Я таки пнула в сердцах ветку, мирно валяющуюся на земле, тихо ругнулась, а после уверенно похромала в сторону тропинки. Потом одумалась и вернулась под крылышко ядожала.
Стараясь не встречаться взглядом ни с кем из парней, доковыляла до своего рюкзака, со злым сипом закинула снаряжение, подтянула лямки. Глаза жгло от слез, а в горле застрял ком, но я держалась. Держалась, потому что знала: на меня все смотрят и жалеют. Держалась, потому что чувствовала взгляд Кристена Арктанхау.

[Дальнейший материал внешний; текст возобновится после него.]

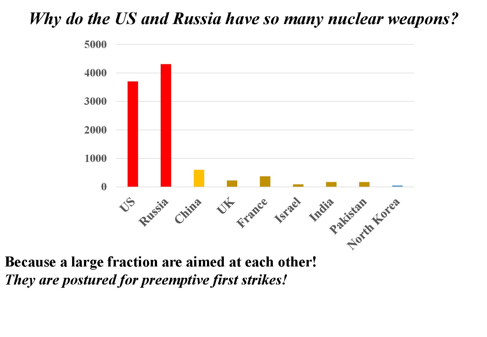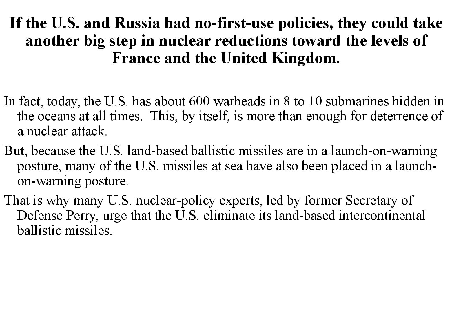 take another big step in nuclear reductions toward the levels of France and the United Kingdom. In fact, today, the U.S. has about 600 warheads in 8 to 10 submarines hidden in the oceans at all times. This, by itself, is more than enough for deterrence of a nuclear attack. But, because the U.S. land-based ballistic missiles are in a launch-on-warning posture, many of the U.S. missiles at sea have also been placed in a launch- on-warning posture. That is why many U.S. nuclear-policy experts, led by former Secretary of Defense Perry, urge that the U.S. eliminate its land-based intercontinental ballistic missiles.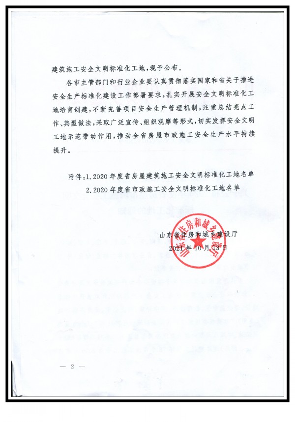 2020年度省房屋建筑施工安全文明标准化工地-尊龙凯时人生就搏建设集团有限公司官网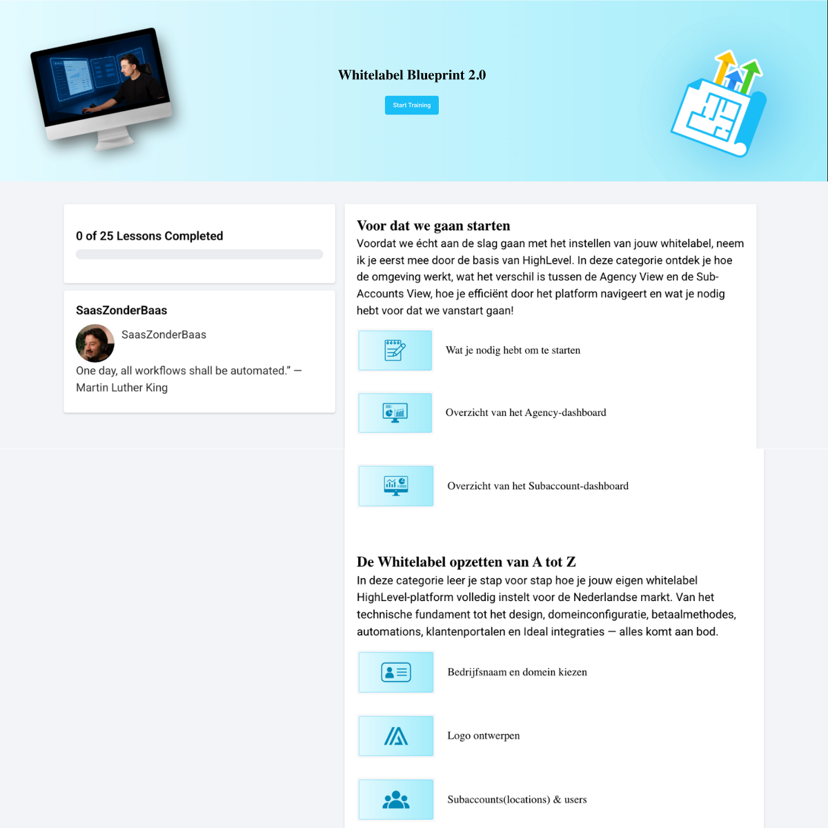 Met de Whitelabel Blueprint 2.0 zet je jouw volledige HighLevel-omgeving stap voor stap op — compleet Nederlandstalig, superhelder uitgelegd en direct toepasbaar. Geen urenlang zoeken naar instellingen. Geen gokwerk.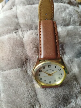 Elegante reloj Louis Valentin con una correa de cuero marrón y detalles dorados en la caja. Un accesorio clásico y versátil. - Esfera blanca con números arábigos. - Mecanismo de cuarzo. - Correa de cuero marrón con pespuntes, sin estrenar
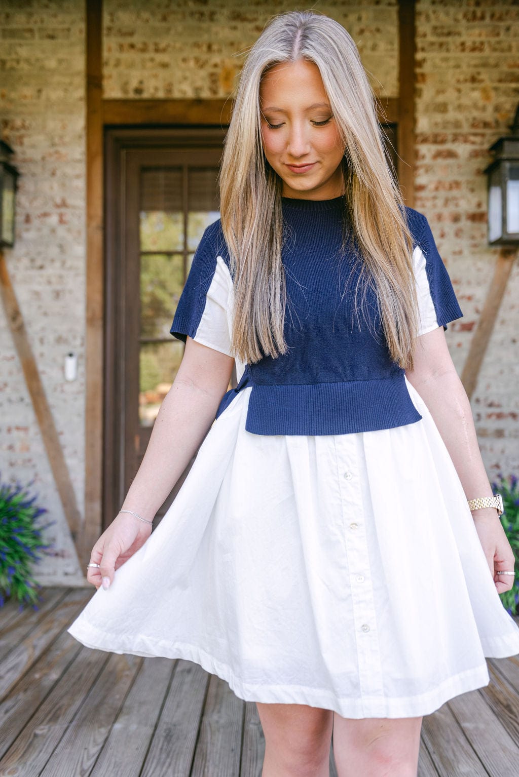 Elevate your wardrobe with our Navy Knit Detail Button Down Dress! This elegant dress features a navy knit detail and white button up design. perfect for any occasion. With short sleeves. a rounded neckline. and tie sides. this mini dress will keep you stylish and comfortable all day long.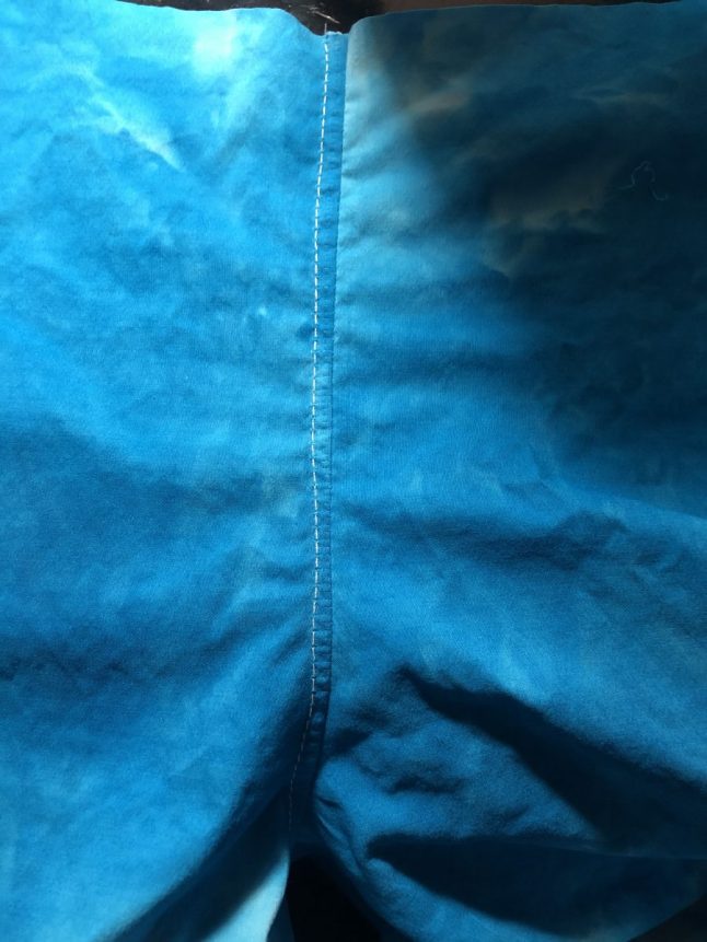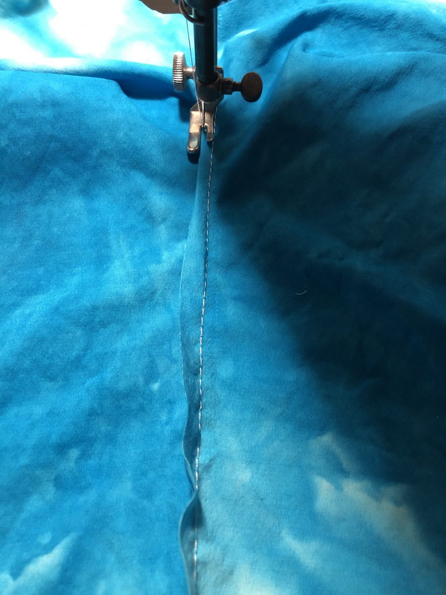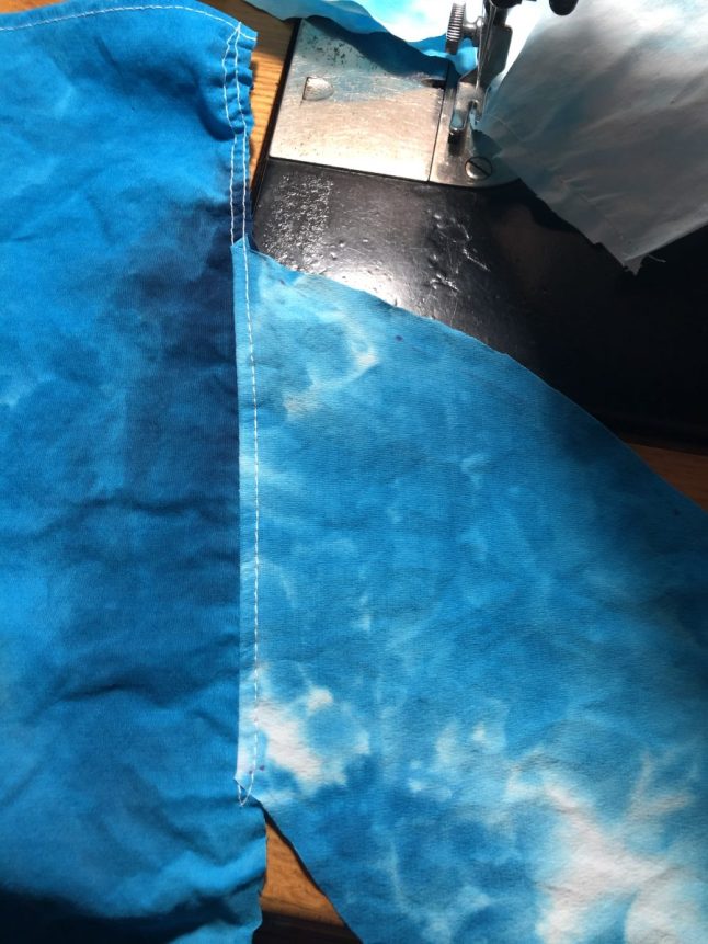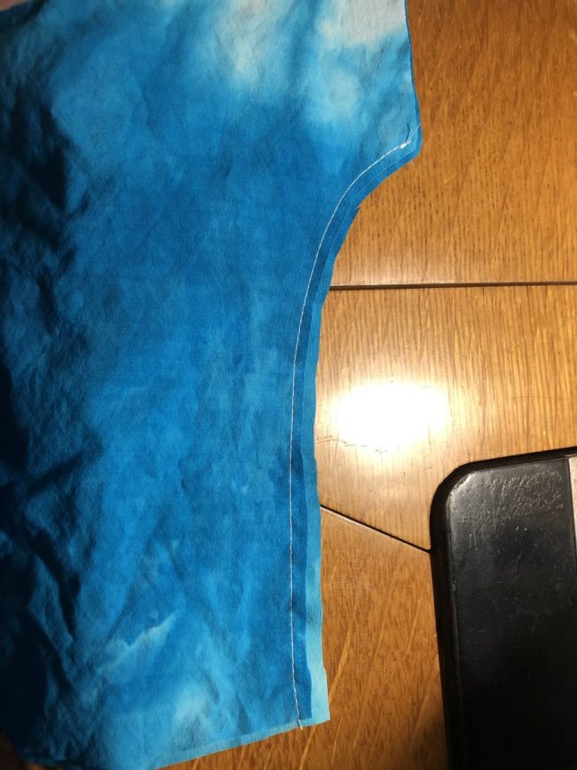 4. Prep the neckline. Staystitch the lower square neckline of the front piece. Use matching thread and with a shorter stitch length of 2, stitch from an inch above the inside corner of the neckline across the bottom and back up an inch. If you look closely, you can see my stay stitching on the wrong side of the front. It is sewn at a scant 1/4 inch seam allowance, so I do not have to remove it later.

Власта заступила мне дорогу.
– Адриана… – она явно не знала, что сказать, но подбодрить хотела.
Не поднимая головы, я сжала ее холодную ладонь:
– Послушай. Они сплавлялись вниз по течению. Там много островов. Ищите на них, а не по берегу. Костер под таким дождем они не разведут, сигнальных маяков в лагере нет. Поэтому ребята будут играть на трубе. Слушай песню.
– Песню? – девушка переступила с ноги на ногу.
– Да, песню. Там подсказка, где их искать. И, Власта… Там дети. Их надо вытащить.
– Сделаем все, что сможем.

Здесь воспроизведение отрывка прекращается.